Tudo começa a se salvar quando o roteiro centraliza a história na relação quase edipiana do protagonista com a mãe (Marieta Severo) e os conflitos com o pai (Reginaldo Farias). Embora este último fique um pouco de lado para dar mais espaço ao primeiro, já que o filme foi inspirado no livro Só as Mães São Felizes escrito por Lucinha Araújo, mãe do artista. Isso também deixa o fraco desempenho dos intérpretes dos membros do Barão Vermelho menos visível.
Sem poder fugir do que todo mundo já sabe, Daniel de Oliveira confirma ser muito mais do que apenas um ex-membro de Malhação. Ele começa apenas convencendo como Cazuza em um filme ficcional, mas no final toma conta do papel, fazendo a película quase ganhar um ar documental (na fase terminal da vida do artista, Oliveira está quase idêntico). Porém, a fotografia de Walter Carvalho também é ponto-chave, contribuindo para o desempenho do artista (como na gravação de Ideologia no estúdio, em que o efeito deixa aumentar a semelhança). Enfim, para relembrar a poesia e o talento de Cazuza, os pontos positivos chamam muito mais a atenção.

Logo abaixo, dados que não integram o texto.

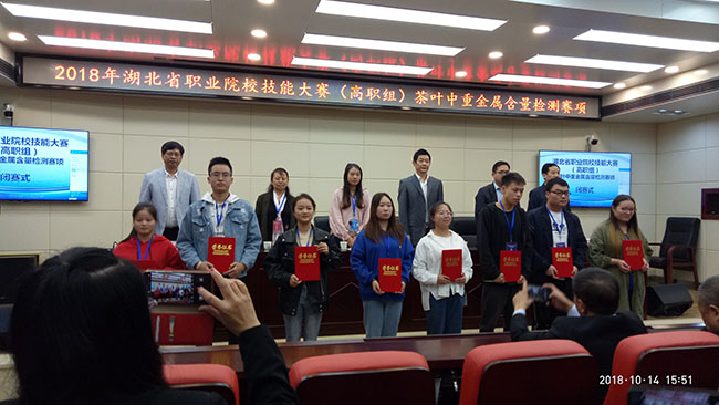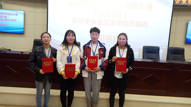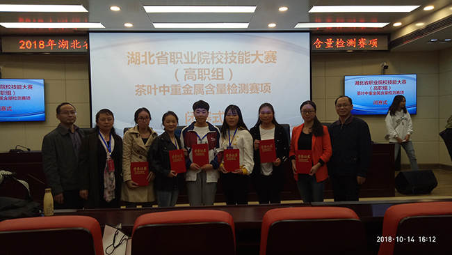 2018年湖北省职业院校技能大赛(高职组)“茶叶中重金属含量检测”赛项于10月14日在湖北生物科技职业学院顺利落幕。我校生物工程学院由推荐选手马晶和张慧霞、抽测选手何靖和李佳四位同学组成的参赛队,经过激烈角逐,荣获个人一等奖3项,个人三等奖1项的优异成绩,刘秀娟老师、孙连连老师荣获优秀指导老师奖。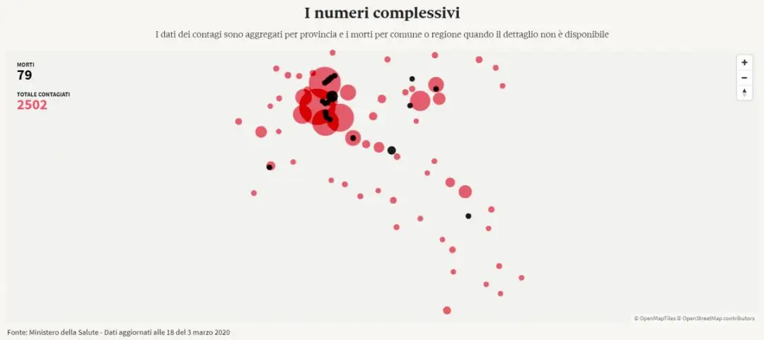 从地图可以看出,感染患者和死亡病例基本集中在北部伦巴第大区,然后呈发散状。

Por tudo isso, Cazuza - O Tempo Não Pára é um bom filme, apesar de seus erros. Os méritos ofuscam os problemas e o genial poeta é definido e homenageado de tal jeito que a única coisa que o espectador deseja ao final é que o tempo pudesse parar um pouco, ou quem sabe, voltasse até uma época em que o “maior abandonado” fazia música de um jeito que dá saudade. E que saudade.